* What the exercise asks *
Copy out and return the lines from the one holding "A striking design" to the end of the listing below, both included, omitting the pictures.

* Stored data *
=======
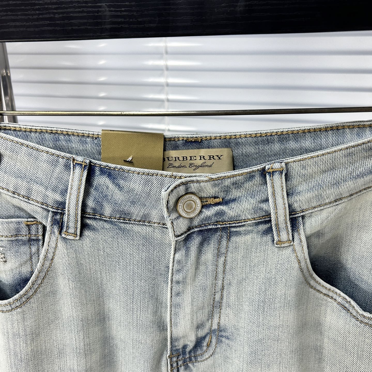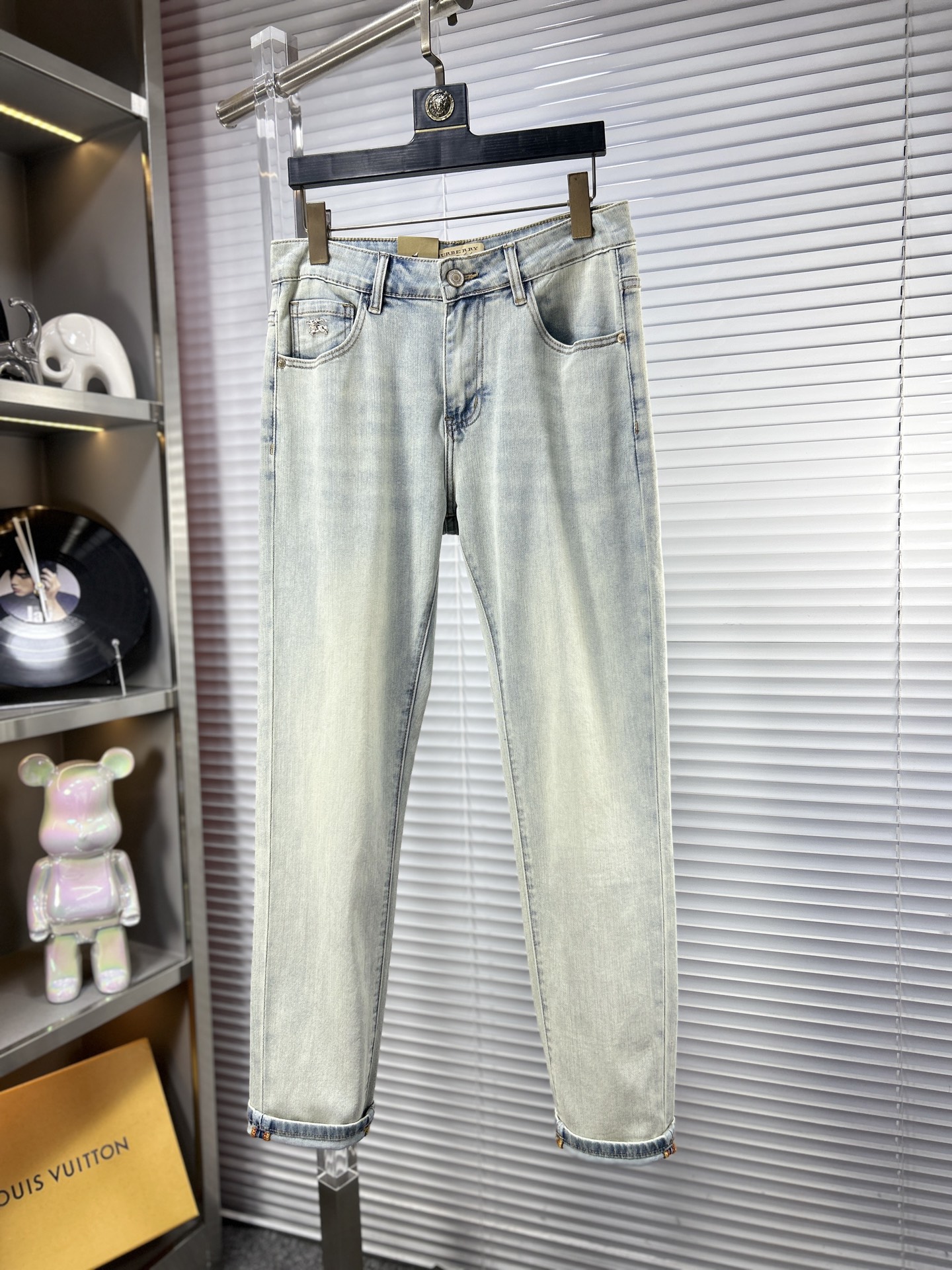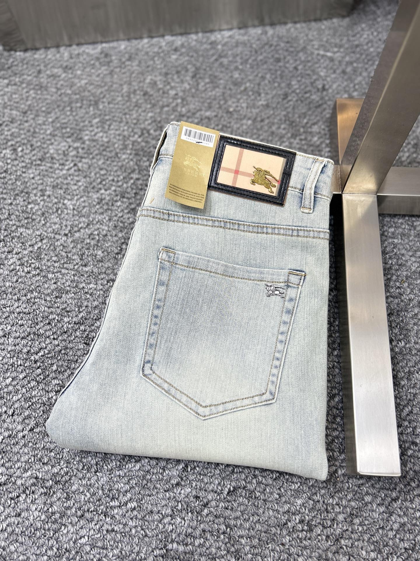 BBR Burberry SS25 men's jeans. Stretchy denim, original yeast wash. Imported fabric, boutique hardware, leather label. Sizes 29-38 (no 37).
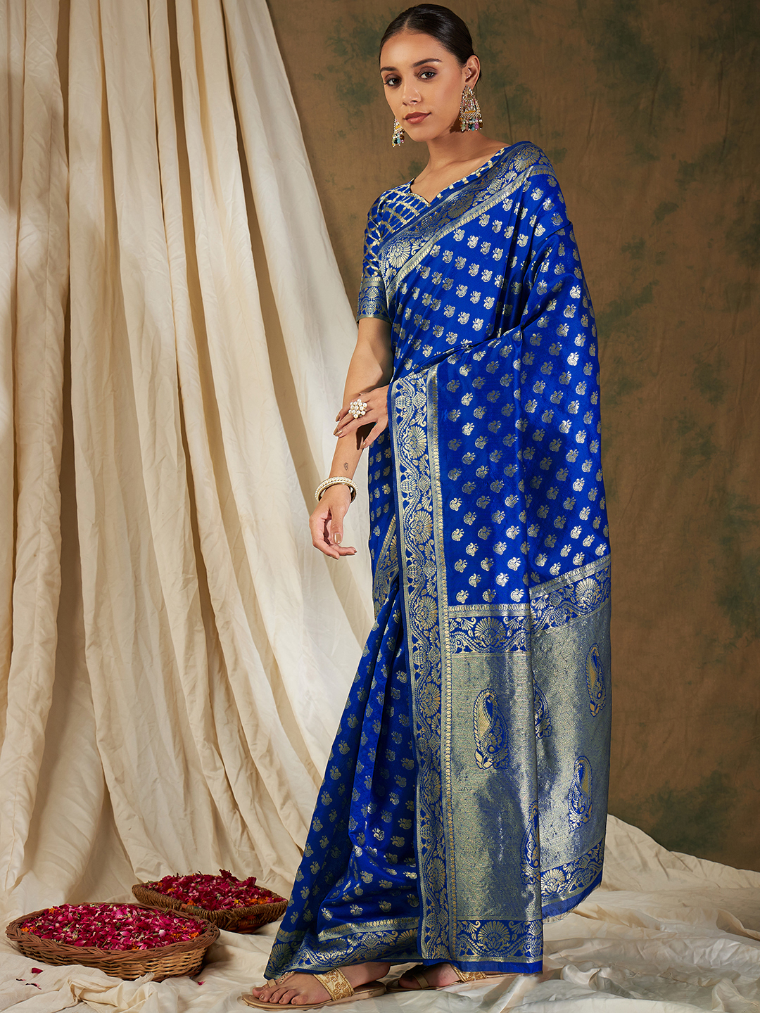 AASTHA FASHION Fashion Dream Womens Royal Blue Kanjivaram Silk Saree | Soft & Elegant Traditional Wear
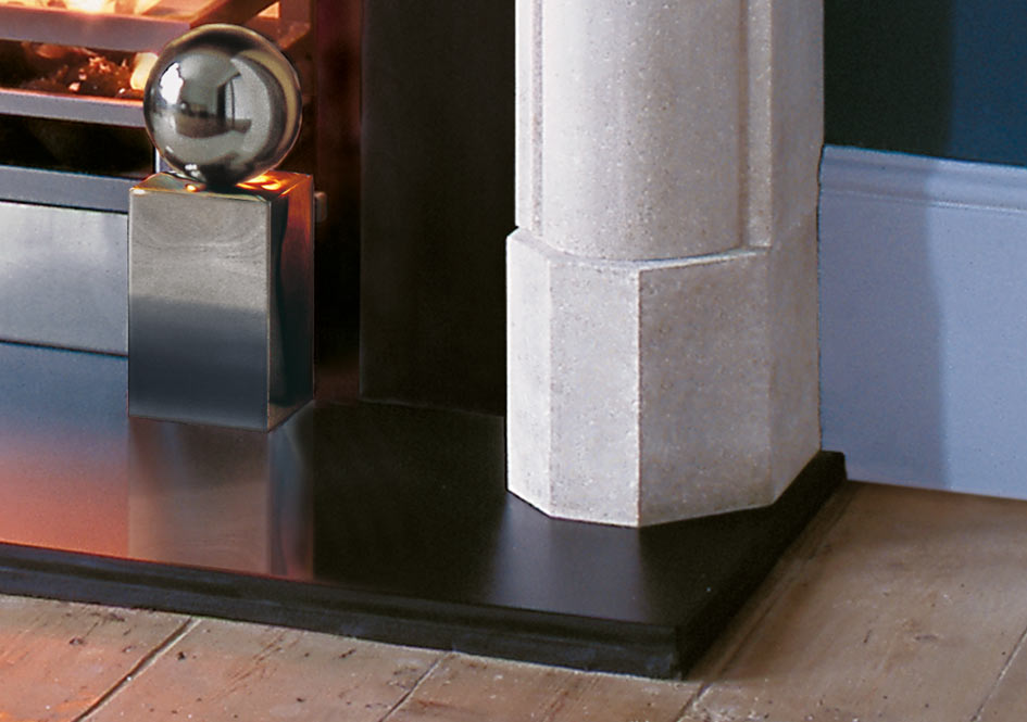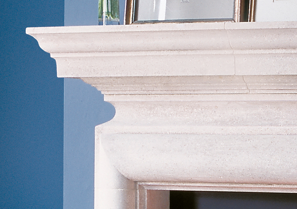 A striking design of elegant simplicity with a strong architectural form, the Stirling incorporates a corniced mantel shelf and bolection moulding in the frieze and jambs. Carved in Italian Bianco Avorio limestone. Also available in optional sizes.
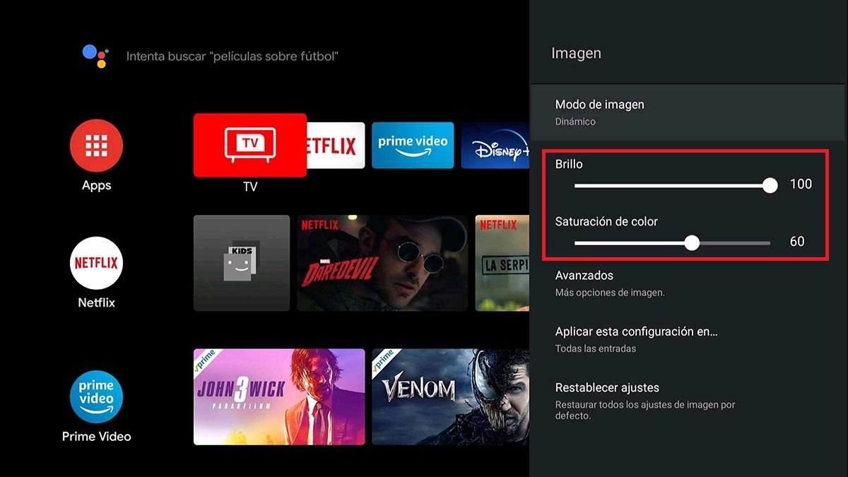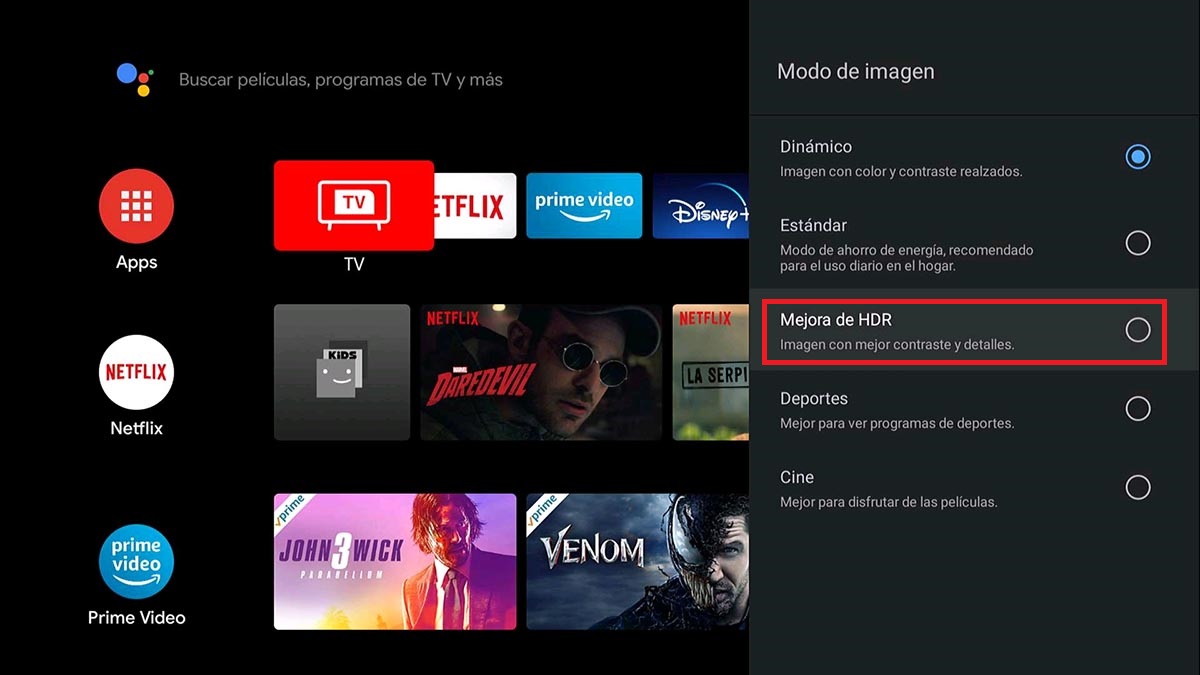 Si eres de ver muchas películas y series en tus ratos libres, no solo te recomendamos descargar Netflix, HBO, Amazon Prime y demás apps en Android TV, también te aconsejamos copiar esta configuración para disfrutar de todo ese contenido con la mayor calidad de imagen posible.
=======
* Expected answer *
 A striking design of elegant simplicity with a strong architectural form, the Stirling incorporates a corniced mantel shelf and bolection moulding in the frieze and jambs. Carved in Italian Bianco Avorio limestone. Also available in optional sizes.
 Si eres de ver muchas películas y series en tus ratos libres, no solo te recomendamos descargar Netflix, HBO, Amazon Prime y demás apps en Android TV, también te aconsejamos copiar esta configuración para disfrutar de todo ese contenido con la mayor calidad de imagen posible.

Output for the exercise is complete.